Since this application is trying to show the effect of GPU / CPU processing on performance, we don't want to be using wait_for_frame as it will limit application's rendering rate to the camera FPS. Instead we will use non-blocking poll_for_frames:

// Any new frames?
rs2::frameset frames;
if (pipe.poll_for_frames(&frames))
{
    auto depth = frames.get_depth_frame();

    // Since both colorizer and pointcloud are going to use depth
    // It helps to explicitly upload it to the GPU
    // Otherwise, each block will upload the same depth to GPU separately 
    // [ This step is optional, but can speed things up on some cards ]
    // The result of this step is still a rs2::depth_frame, 
    // but now it is also extendible to rs2::gl::gpu_frame
    depth = upload.process(depth);

    // Apply color map with histogram equalization
    depth_texture = colorizer.colorize(depth);

    // Tell pointcloud object to map to this color frame
    pc.map_to(depth_texture);

    // Generate the pointcloud and texture mappings
    points = pc.calculate(depth);
}

Note: Invoking GPU processing and rendering blocks is done via standard process and apply_filter methods.

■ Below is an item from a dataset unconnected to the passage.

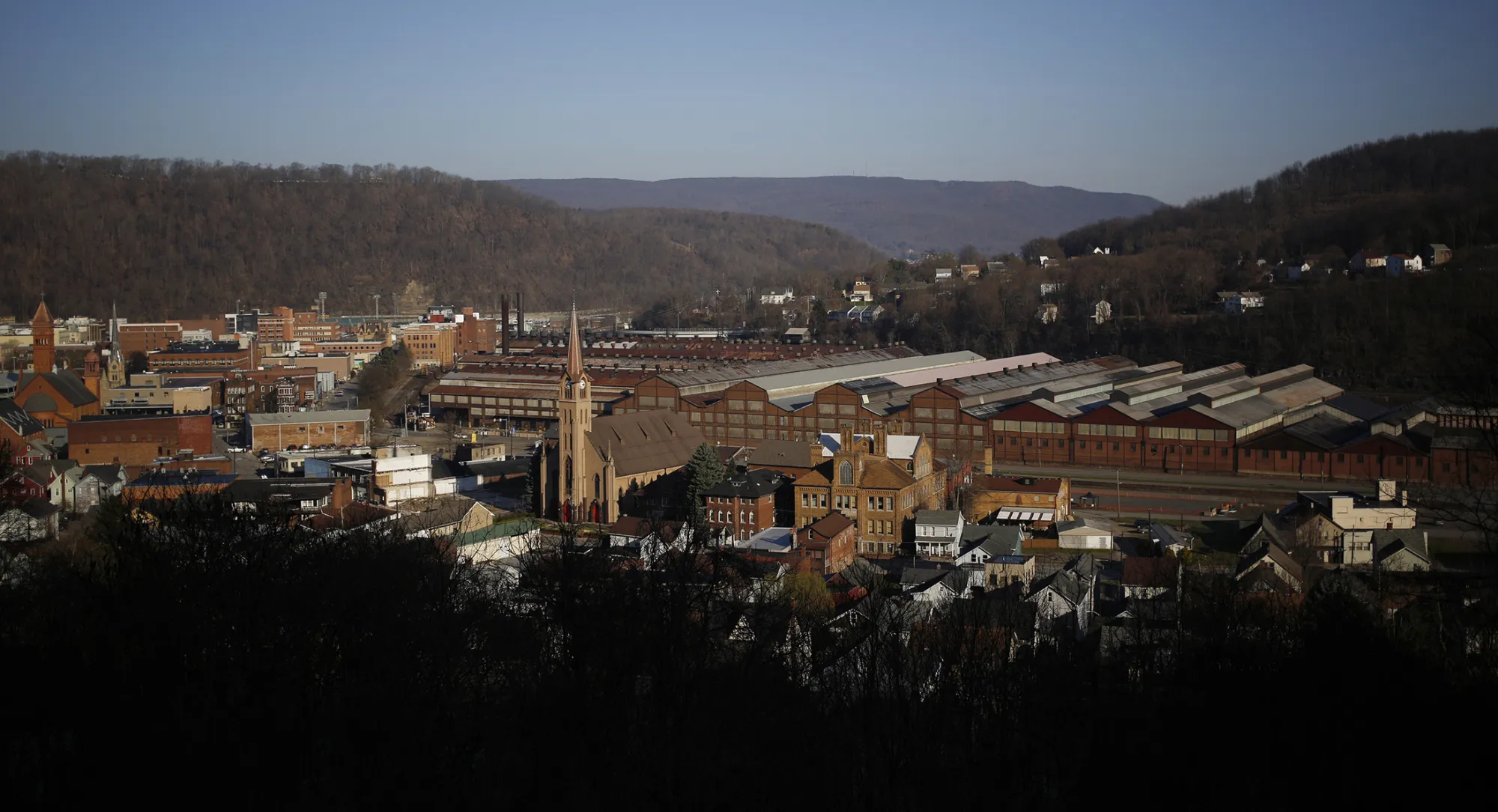 雖然沒有市鎮級的民調,但特朗普“讓美國再次偉大”的承諾在約翰斯敦引起共鳴,這裏有着強烈的失落輝煌的感覺。它曾是一個工業強國,生產出幫助建設鐵路、橋樑和摩天大樓的金屬,推動着快速發展的美國。第二次世界大戰後,約有18,000人在其鋼鐵廠工作——如今整個城市的人口剛剛超過20,000——他們讓科內莫河上空瀰漫着煙霧。居民們上下電車,在百貨商店購物,去三家主街電影院看電影。

Next, we check if the depth_texture is already in GPU memory:

if (auto gpu_frame = depth_texture.as<rs2::gl::gpu_frame>())

Note: If we would skip this check and try to use it as a regular frame, depth_texture would be implicitly converted to a "regular" frame. Everything would work, but we would have lost the opportunity to take advantage of it being a GPU-frame.

Each GPU-frame holds-on to several OpenGL textures. The exact layout of these depends on frame type. To access the first texture (colorized depth data) we use get_texture_id:

texture_id = gpu_frame.get_texture_id(0);

Rendering the pointcloud is handled by pc_renderer:

// Inform pointcloud-renderer of the projection and view matrices:
pc_renderer.set_matrix(RS2_GL_MATRIX_PROJECTION, proj_matrix);
pc_renderer.set_matrix(RS2_GL_MATRIX_TRANSFORMATION, view_matrix);

// If we have something to render, use pointcloud-renderer to do it
if (points) pc_renderer.process(points);

If during the application we decide to switch between GPU / CPU modes, we first need to shutdown previous GL subsystem:

rs2::gl::shutdown_rendering();
rs2::gl::shutdown_processing();

And reinitialize it with updated settings:

rs2::gl::init_processing(app, use_gpu_processing);
rs2::gl::init_rendering();

Note: No need to destroy existing rs2::gl objects prior to this operation. When processing / rendering is shut-down or use_gpu_processing becomes false, GL processing blocks will fall-back to their default CPU implementation, while GL rendering blocks will do nothing.

Depending on the CPU & GPU hardware, you can expect different results when running this demo.

In addition, take note of the CPU and GPU utilization counters. Since we are using poll_for_frames and glfwSwapInterval the demo will always try to max-out utilization of both resources. If you constrain the FPS, however, this technique can be used to control CPU / GPU utilization.